◆ PROBLEM TO WORK ON ◆
Repeat the records in full. No pictures belong in the copy.

◆ TASK MATERIAL ◆
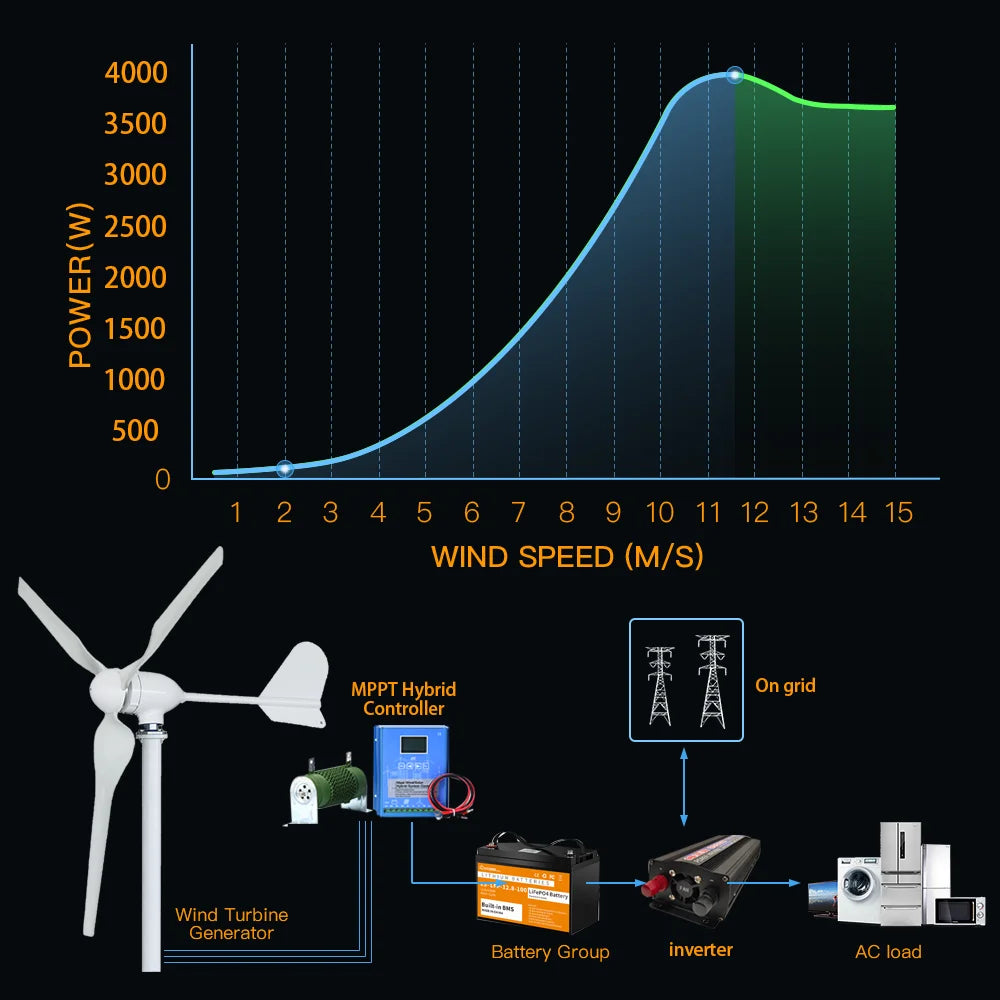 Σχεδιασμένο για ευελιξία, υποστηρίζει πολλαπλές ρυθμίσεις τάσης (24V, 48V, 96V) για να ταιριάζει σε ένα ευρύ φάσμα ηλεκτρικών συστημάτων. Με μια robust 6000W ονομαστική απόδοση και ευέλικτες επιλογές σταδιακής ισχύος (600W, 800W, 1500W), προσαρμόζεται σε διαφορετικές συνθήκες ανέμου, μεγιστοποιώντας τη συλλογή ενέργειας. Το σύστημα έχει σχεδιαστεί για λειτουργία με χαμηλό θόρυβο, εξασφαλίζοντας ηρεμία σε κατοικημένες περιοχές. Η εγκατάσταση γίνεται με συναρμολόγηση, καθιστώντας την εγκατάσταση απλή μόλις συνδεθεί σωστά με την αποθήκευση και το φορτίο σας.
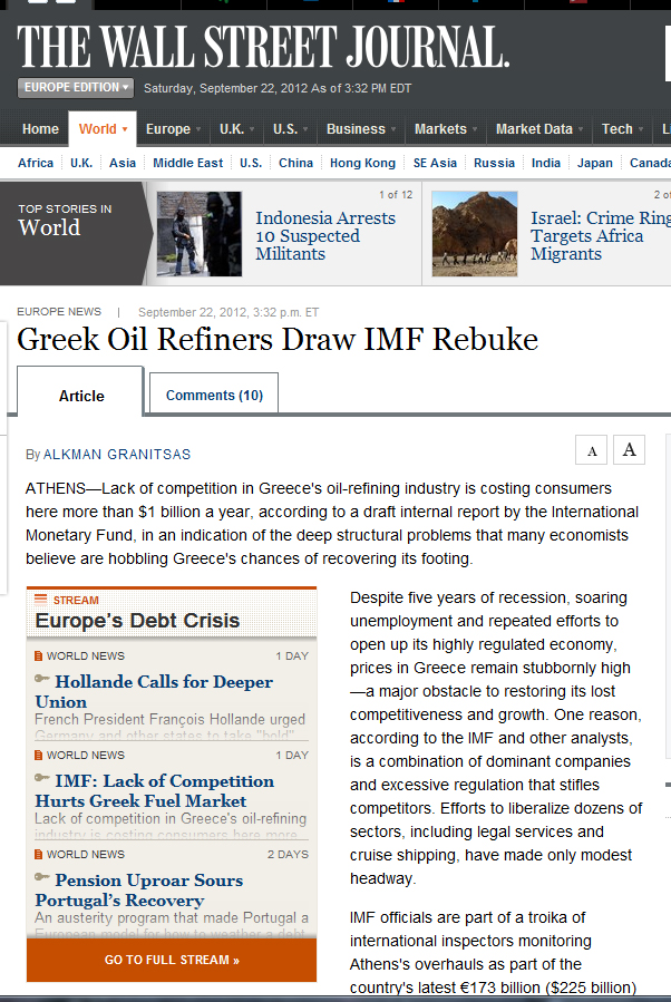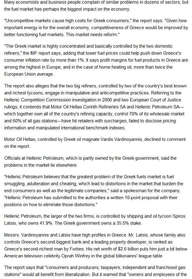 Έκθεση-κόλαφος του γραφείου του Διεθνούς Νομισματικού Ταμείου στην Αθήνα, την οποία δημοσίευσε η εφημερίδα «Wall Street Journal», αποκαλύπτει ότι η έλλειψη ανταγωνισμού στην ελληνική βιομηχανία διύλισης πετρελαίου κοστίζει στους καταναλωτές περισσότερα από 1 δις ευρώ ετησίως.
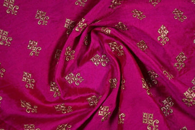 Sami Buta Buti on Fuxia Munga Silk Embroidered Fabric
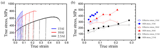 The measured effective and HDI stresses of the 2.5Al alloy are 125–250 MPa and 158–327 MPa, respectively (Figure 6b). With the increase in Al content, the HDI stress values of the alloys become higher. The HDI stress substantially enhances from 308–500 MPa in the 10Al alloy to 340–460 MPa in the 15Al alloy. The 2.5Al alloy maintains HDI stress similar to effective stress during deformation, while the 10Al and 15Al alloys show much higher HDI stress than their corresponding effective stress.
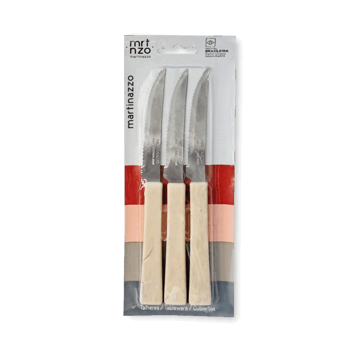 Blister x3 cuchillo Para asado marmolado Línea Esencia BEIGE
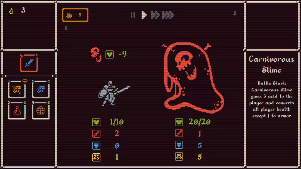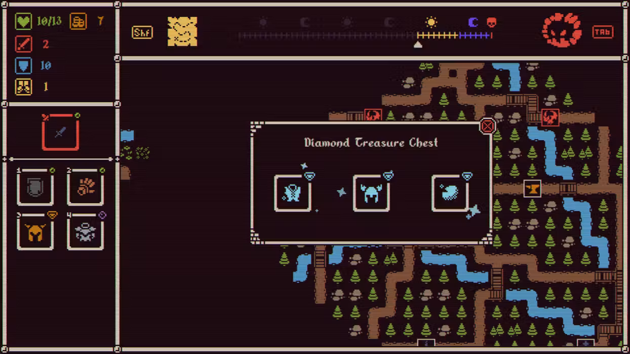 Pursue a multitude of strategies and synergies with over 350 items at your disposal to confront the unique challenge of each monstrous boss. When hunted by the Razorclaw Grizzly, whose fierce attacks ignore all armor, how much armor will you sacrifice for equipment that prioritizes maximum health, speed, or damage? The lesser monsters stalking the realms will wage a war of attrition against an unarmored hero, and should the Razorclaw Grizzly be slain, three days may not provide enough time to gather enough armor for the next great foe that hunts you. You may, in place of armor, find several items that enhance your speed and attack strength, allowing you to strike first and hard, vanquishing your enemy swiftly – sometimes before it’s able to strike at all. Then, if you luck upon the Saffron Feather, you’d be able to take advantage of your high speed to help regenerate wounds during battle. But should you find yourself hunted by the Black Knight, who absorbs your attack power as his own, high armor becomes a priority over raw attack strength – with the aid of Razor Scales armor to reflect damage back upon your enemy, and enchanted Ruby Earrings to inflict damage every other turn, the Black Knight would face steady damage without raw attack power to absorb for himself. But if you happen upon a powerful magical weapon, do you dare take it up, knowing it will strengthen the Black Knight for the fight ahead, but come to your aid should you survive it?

◆ TASK OUTPUT ◆
 Σχεδιασμένο για ευελιξία, υποστηρίζει πολλαπλές ρυθμίσεις τάσης (24V, 48V, 96V) για να ταιριάζει σε ένα ευρύ φάσμα ηλεκτρικών συστημάτων. Με μια robust 6000W ονομαστική απόδοση και ευέλικτες επιλογές σταδιακής ισχύος (600W, 800W, 1500W), προσαρμόζεται σε διαφορετικές συνθήκες ανέμου, μεγιστοποιώντας τη συλλογή ενέργειας. Το σύστημα έχει σχεδιαστεί για λειτουργία με χαμηλό θόρυβο, εξασφαλίζοντας ηρεμία σε κατοικημένες περιοχές. Η εγκατάσταση γίνεται με συναρμολόγηση, καθιστώντας την εγκατάσταση απλή μόλις συνδεθεί σωστά με την αποθήκευση και το φορτίο σας.
 Έκθεση-κόλαφος του γραφείου του Διεθνούς Νομισματικού Ταμείου στην Αθήνα, την οποία δημοσίευσε η εφημερίδα «Wall Street Journal», αποκαλύπτει ότι η έλλειψη ανταγωνισμού στην ελληνική βιομηχανία διύλισης πετρελαίου κοστίζει στους καταναλωτές περισσότερα από 1 δις ευρώ ετησίως.
 Sami Buta Buti on Fuxia Munga Silk Embroidered Fabric
 The measured effective and HDI stresses of the 2.5Al alloy are 125–250 MPa and 158–327 MPa, respectively (Figure 6b). With the increase in Al content, the HDI stress values of the alloys become higher. The HDI stress substantially enhances from 308–500 MPa in the 10Al alloy to 340–460 MPa in the 15Al alloy. The 2.5Al alloy maintains HDI stress similar to effective stress during deformation, while the 10Al and 15Al alloys show much higher HDI stress than their corresponding effective stress.
 Blister x3 cuchillo Para asado marmolado Línea Esencia BEIGE
 Pursue a multitude of strategies and synergies with over 350 items at your disposal to confront the unique challenge of each monstrous boss. When hunted by the Razorclaw Grizzly, whose fierce attacks ignore all armor, how much armor will you sacrifice for equipment that prioritizes maximum health, speed, or damage? The lesser monsters stalking the realms will wage a war of attrition against an unarmored hero, and should the Razorclaw Grizzly be slain, three days may not provide enough time to gather enough armor for the next great foe that hunts you. You may, in place of armor, find several items that enhance your speed and attack strength, allowing you to strike first and hard, vanquishing your enemy swiftly – sometimes before it’s able to strike at all. Then, if you luck upon the Saffron Feather, you’d be able to take advantage of your high speed to help regenerate wounds during battle. But should you find yourself hunted by the Black Knight, who absorbs your attack power as his own, high armor becomes a priority over raw attack strength – with the aid of Razor Scales armor to reflect damage back upon your enemy, and enchanted Ruby Earrings to inflict damage every other turn, the Black Knight would face steady damage without raw attack power to absorb for himself. But if you happen upon a powerful magical weapon, do you dare take it up, knowing it will strengthen the Black Knight for the fight ahead, but come to your aid should you survive it?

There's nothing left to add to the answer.